## Information
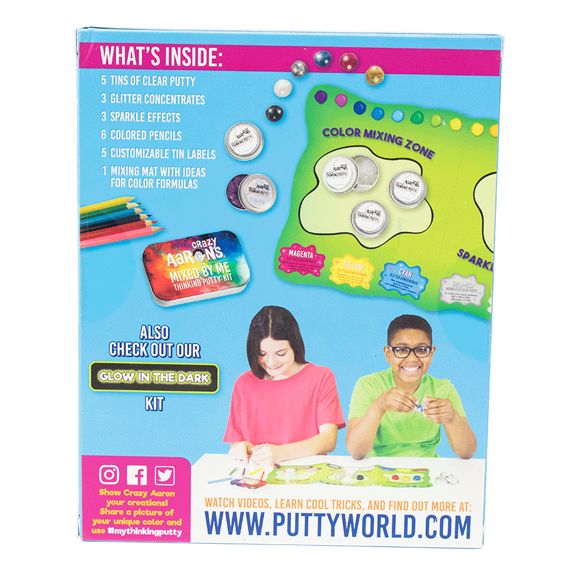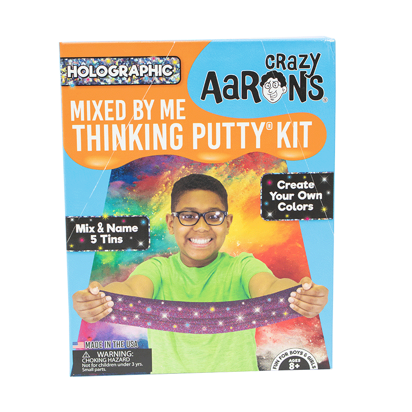 The Holographic Mixed by Me Kit enables your child to create their own shimmering, shining, sparkling Thinking Putty. Holographic Mixed by Me includes three special effect concentrates: Opal-izer for a luscious shimmering effect, Mystify-er for a rich, dimensional effect, and the inimitable Holo-izer for an inexplicable depth of sparkle. Every Holographic Mixed by Me kit includes five tins of clear putty, three glittering color concentrates, three sparkle effect concentrates, and an instructional mat.
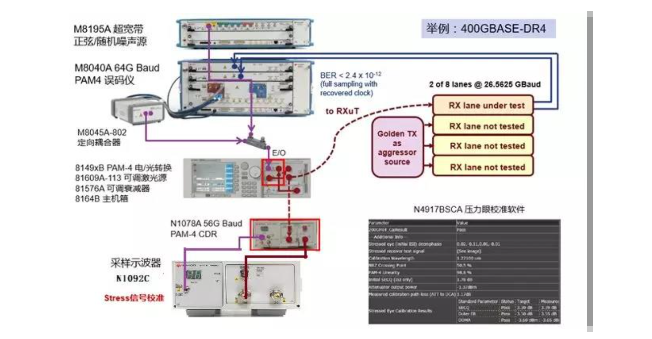 校準(zhǔn)后的光壓力信號(hào)輸入被測(cè)接收機(jī)的一個(gè)通道,被測(cè)接收機(jī)其余通道輸入正常通信的光信號(hào)。最后由被測(cè)光模塊環(huán)回電信號(hào)到誤碼儀的誤碼檢測(cè)口,或通過(guò)接收機(jī)內(nèi)部的誤碼統(tǒng)計(jì)功能進(jìn)行誤碼和壓力靈敏度等測(cè)試。下圖是400G-DR4光模塊的光壓力眼圖測(cè)試框圖,以及各部分對(duì)應(yīng)的測(cè)試儀表。
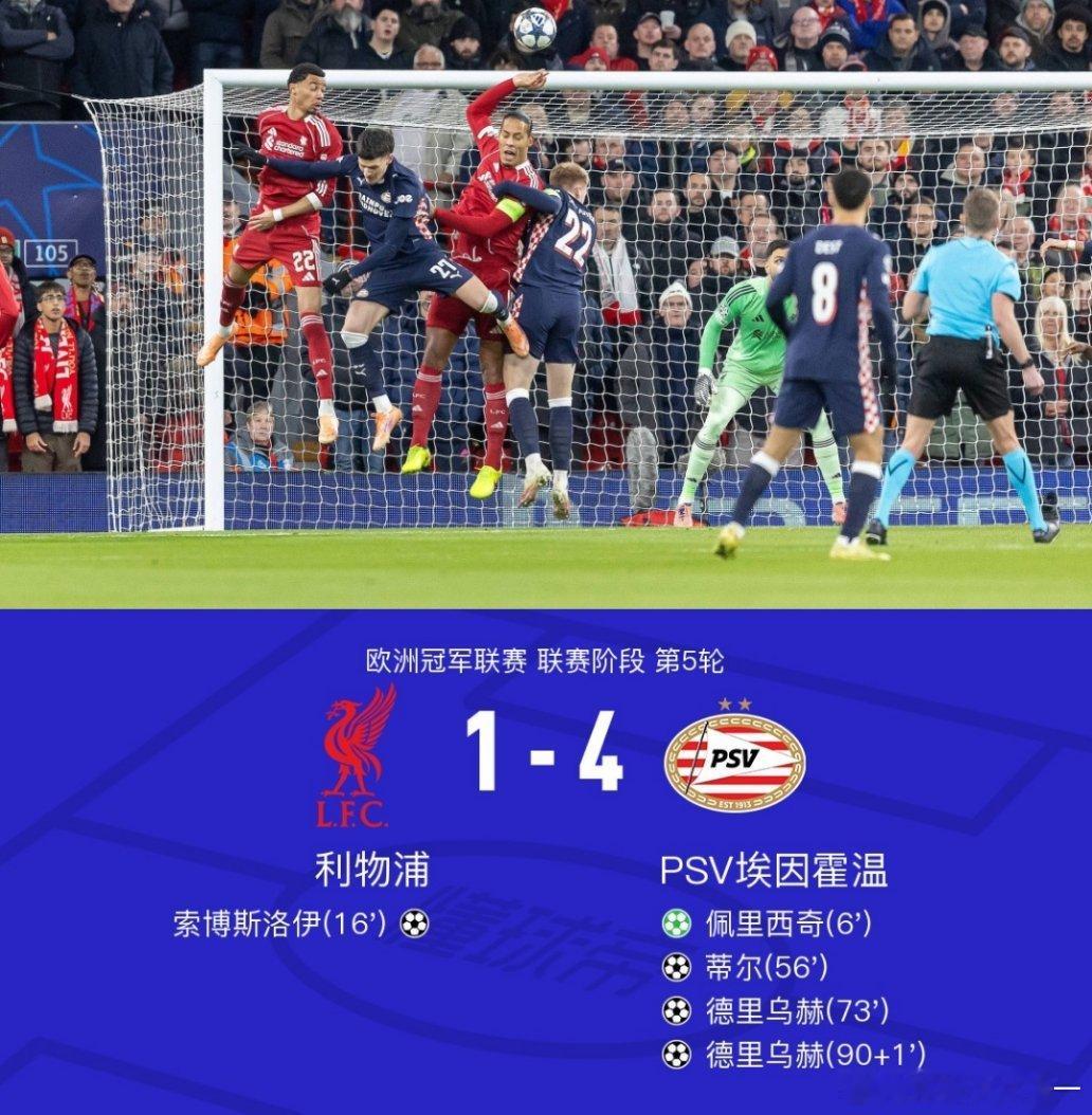 利物浦1比4埃因霍温三连败!利物浦1-4埃因霍温,范戴克送点,德里乌赫双响北京时间11月27日4:00,欧冠联赛阶段第5轮,利物浦坐镇安菲尔德球场迎战埃因霍温,本场主裁判为亚历杭德罗-埃尔南德斯。上半场,范戴克手球送点,佩里西奇点射闪击,索博斯洛伊补射扳平比分。下半场,利物浦后防形同虚设,蒂尔破门,德里乌赫替补登场梅开二度。最终,利物浦主场1-4惨败埃因霍温,遭遇各项赛事三连败。利物浦vs埃因霍温欧冠
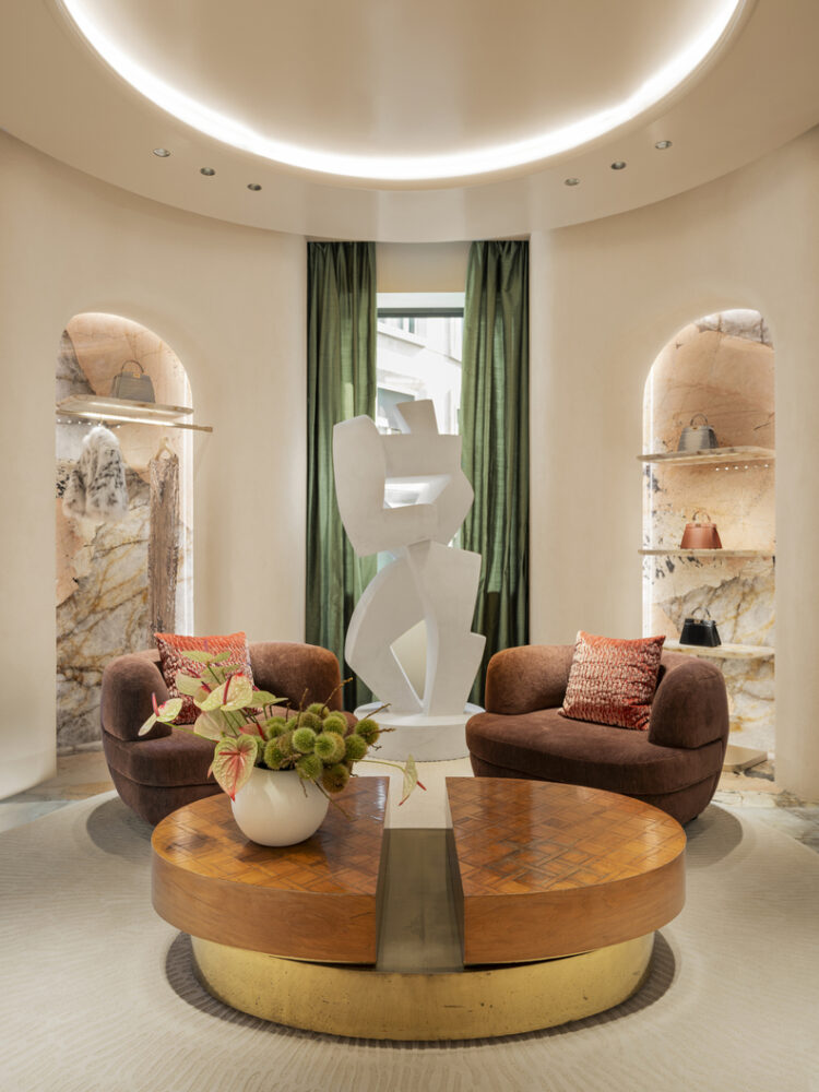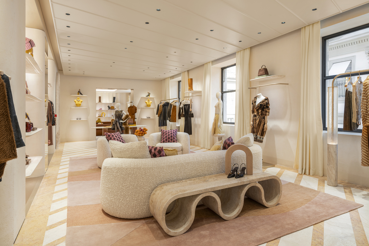Ogni piano è pensato come una narrazione. Al piano terra, dedicato agli accessori femminili, domina la luce calda e i toni cremosi del marmo, interrotti da opere d’arte site-specific come la scultura ceramica di Anton Alvarez, realizzata in esclusiva per Fendi. È una boutique che si attraversa come una galleria d’arte, dove ogni spazio invita a rallentare e osservare.
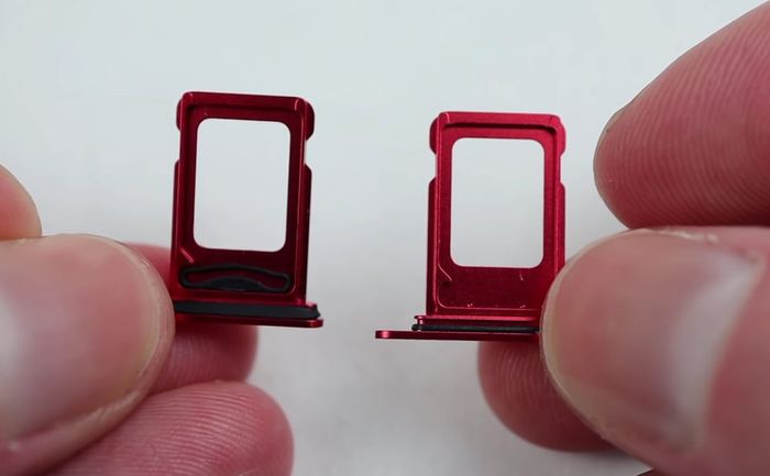 Trên iPhone Trung Quốc, có hai khay sim được thiết kế với phần zoăn cao su ở mặt sau để giữ chặt sim thứ hai.

## Exercise aim
Print exactly, and only, the lines from the one with "校準(zhǔn)后的光壓力信" through the last line of the listing above. No pictures belong in the copy.

## Exercise output
 校準(zhǔn)后的光壓力信號(hào)輸入被測(cè)接收機(jī)的一個(gè)通道,被測(cè)接收機(jī)其余通道輸入正常通信的光信號(hào)。最后由被測(cè)光模塊環(huán)回電信號(hào)到誤碼儀的誤碼檢測(cè)口,或通過(guò)接收機(jī)內(nèi)部的誤碼統(tǒng)計(jì)功能進(jìn)行誤碼和壓力靈敏度等測(cè)試。下圖是400G-DR4光模塊的光壓力眼圖測(cè)試框圖,以及各部分對(duì)應(yīng)的測(cè)試儀表。
 利物浦1比4埃因霍温三连败!利物浦1-4埃因霍温,范戴克送点,德里乌赫双响北京时间11月27日4:00,欧冠联赛阶段第5轮,利物浦坐镇安菲尔德球场迎战埃因霍温,本场主裁判为亚历杭德罗-埃尔南德斯。上半场,范戴克手球送点,佩里西奇点射闪击,索博斯洛伊补射扳平比分。下半场,利物浦后防形同虚设,蒂尔破门,德里乌赫替补登场梅开二度。最终,利物浦主场1-4惨败埃因霍温,遭遇各项赛事三连败。利物浦vs埃因霍温欧冠
Ogni piano è pensato come una narrazione. Al piano terra, dedicato agli accessori femminili, domina la luce calda e i toni cremosi del marmo, interrotti da opere d’arte site-specific come la scultura ceramica di Anton Alvarez, realizzata in esclusiva per Fendi. È una boutique che si attraversa come una galleria d’arte, dove ogni spazio invita a rallentare e osservare.
 Trên iPhone Trung Quốc, có hai khay sim được thiết kế với phần zoăn cao su ở mặt sau để giữ chặt sim thứ hai.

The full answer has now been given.